Wujudkan Tata Kelola Arsip: Bawaslu Sinjai Adakan RDK

Badan Pengawas Pemilihan Umum Kabupaten Sinjai – Arsip merupakan rangkuman perjalanan sejarah yang tersimpan. Untuk membaca sebuah sejarah maka keberadaan arsip amatlah penting. Hal tersebut disadari pula oleh Bawaslu Sinjai. Bawaslu Kabupaten Sinjai merupakan salah satu lembaga negara yang belum lama ini di bentuk. Untuk itu semua rekam jejak Bawaslu Kabupaten Sinjai perlu diatur dalam tata naskah dinas yang bisa bermanfaat dikemudian hari nantinya sebagai bukti sejarah.

Demi menigkatkan pemahaman tentang penyusuanan tata kelola arsip yang efektif dan efisien, Bawaslu sinjai mengadakan Rapat Dalam Kantor (RDK) yang juga turut mengundang pejabat terkait yaitu Dinas Arsip dan Perpustakaan Daerah Kabupaten sinjai yang diharapkan dapat menambah pengetahuan dilingkungan Bawaslu sinjai mengenai pengelolaan dan penyusunan kearsipan.
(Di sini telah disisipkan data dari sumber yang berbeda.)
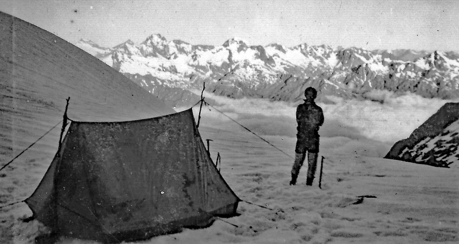 Near the top of the ledges, it began to rain a little so we hurried on and reached camp at 4:30pm, after one of our best days – not as regards weather but as regards climbing. She was the toughest peak I have ever climbed, and I’m feeling pretty proud of it all. I couldn’t have got anywhere without Dave, he is great as a climbing companion. Jack is a jolly good companion also but is apt to be dicky if there is any danger threatening – seems to be a complex with him, as he was great coming up the ledge when he couldn’t see the drop beneath while looking up all the time.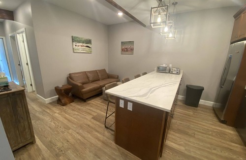 Wake up to gorgeous views of Kachemack Bay and multiple glaciers and the Homer Spit from this newly built home in a quiet neighborhood in Homer, Alaska. This is a 2-story home built in 2023, fist time rental for summer of 2024. The rental unit is on the first floor, it is a walk-out basement with a separate entrance. The windows in the front part of the apartment have spectacular views. There are no stairs in the rental area. The view from the king bedroom is incredible - mountains, glaciers, Homer Spit, Kachemack Bay. Black out shades darken the king bedroom on long summer days. The queen bedroom is perfect for summer nights, as this room does not have windows, allowing a restful sleep when the sun is still up late at night in the summer. The kitchen is ready for cooking, with all new stainless steel appliances, fridge/ freezer, full size stove with gas cooktop, microwave, toaster, and toaster oven, plates, silverware, glasses. A stackable washer/dryer is provided in the unit. Propane grill outside, great for grilling the fish you catch. The eat at bar has beautiful quartz countertops and comfy barstools. Bed linens, towels are provided. There is a new leather couch with a 43 inch smart TV mounted on the wall - bring your passwords for streaming services. Heat is via radiant heat in the floor, perfect for the cool mornings. The windows open to let the fresh Alaskan air in during the day. There is a separate entrance for the apartment, has outdoor lighting for night, and parking in the driveway in front of the house. Covered seating outside allows for dining outdoors to enjoy the view. The owner lives upstairs (works from home/ remotely 6AM-2PM) and is available for questions/ assistance. A max of 2 pets welcome, but pets are not to be left alone in the apartment unless they are crated. Pet fee applies. There is not a yard for guests to use for pets, but the neighborhood is great for dog walks. There is also a hiking trail as part of the neighborhood, which is pet friendly. Owner has dogs which stay upstairs, they do not have access to the downstairs apartment. The Homer Spit is less than 5 minute drive away, as are the beaches. The neighborhood is on the bike/ walking path which leads through the town of Homer and to the Spit. The location is great, centrally located within city limits. There is hiking, and water taxis which will take you to Kachemack State Park. Other activities are salmon and halibut fishing, bear viewing trips, strolling along the Homer Spit, walking on the beach, and many photography opportunities in beautiful Homer and the wildlife which make this area their home. And the food - the restaurants in Homer offer some of the most delicious food anywhere!

Ketua Bawaslu Sinjai, Muhammad Rusmin mengatakan “Kearsipan merupakan suatu proses mulai dari penciptaan, penerimaan, pengumpulan, pengaturan, pengendalian, pemeliharaan dan perawatan serta penyimpanan sebuah dokumen jadi kalau suatu saat dokumen itu dibutuhkan maka dapat dengan cepat dan tepat ditemukan juga jika nantinya arsip-arsip tersebut tidak bernilai guna lagi, maka harus dimusnahkan” jelasnya.
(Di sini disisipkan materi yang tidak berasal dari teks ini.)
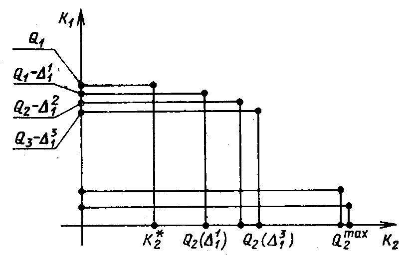 Он показывает, что вначале даже небольшие величины уступок позволяют получить существенный выигрыш по второму критерию; с дальнейшим увеличением уступки выигрыш растет все медленнее. На основе анализа полученных данных и решают вопрос о назначении величины уступки >1>, а затем находят Q>2>(>1>).

Dalam kesempatan itu HJ. Rosmiati, S.Pd selaku Kepala Seksi Arsip Dinamis mengatakan “Kearsipan memegang peranan penting bagi kelancaran jalannya organisasi, yaitu sebagai sumber informasi dan sebagai pusat ingatan bagi organisasi mengingat arti pentingnya sebuah arsip, pemerintah Indonesia menaruh perhatian yang cukup besar terhadap kearsipan. Hal ini terbukti dengan diberlakukannya beberapa peraturan perundangan yang mengatur tentang kearsipan Nasional. Adapun keunggulan dan fungsi yang dapat dilihat dari sistem penanganan kearsipan setiap organisasi, yaitu: Aktifitas kantor dan organisasi akan berjalan dengan lancar, dapat dijadikan bukti-bukti tertulis apabila terjadi masalah, dapat dijadikan sebagai sarana komunikasi secara tertulis, dapat dijadikan bahan dokumentasi, dapat menghemat waktu, tenaga dan biaya, sebagai alat pengingat, sebagai alat penyimpanan dokumen, sebagai alat bantu perpustakaan diorganisasi apabila memiliki perpustakaan, merupakan bantuan yang berguna bagi pimpinan dalam menentukan kebijaksanaan organisasi dan kearsipan berarti penyimpanan secara tetap dan teratur untuk dokumen- dokumen penting mengenai kemajuan organisasi.”

Menurutnya Ada empat instrumen yang harus betul-betul menjadi perhatian dalam pengelolaan dan penyusunan Arsip, yaitu: Tata Naskah Dinas, Klasifikasi Arsip, Jadwal Retensi Arsip (JRA) dan Sistem Klasifikasi Keamanan dan Akses Arsip, keempat pokok tersebut sangat vital apalagi di era digital ini, hampir semua bisa langsung share di media. Jika pengetahuan tentang arsip tidak diberikan bisa saja arsip negara yang berdampak kepada goyangnya keamanan negara ini terpublikasi secara bebas”, untuk itu kita harus mengetahui siapa saja yang berhak untuk mengakses sebuah arsip. Apalagi dalam sebuah lembaga negara seperti Bawaslu ini, arsip menjadi barang yang paling berharga.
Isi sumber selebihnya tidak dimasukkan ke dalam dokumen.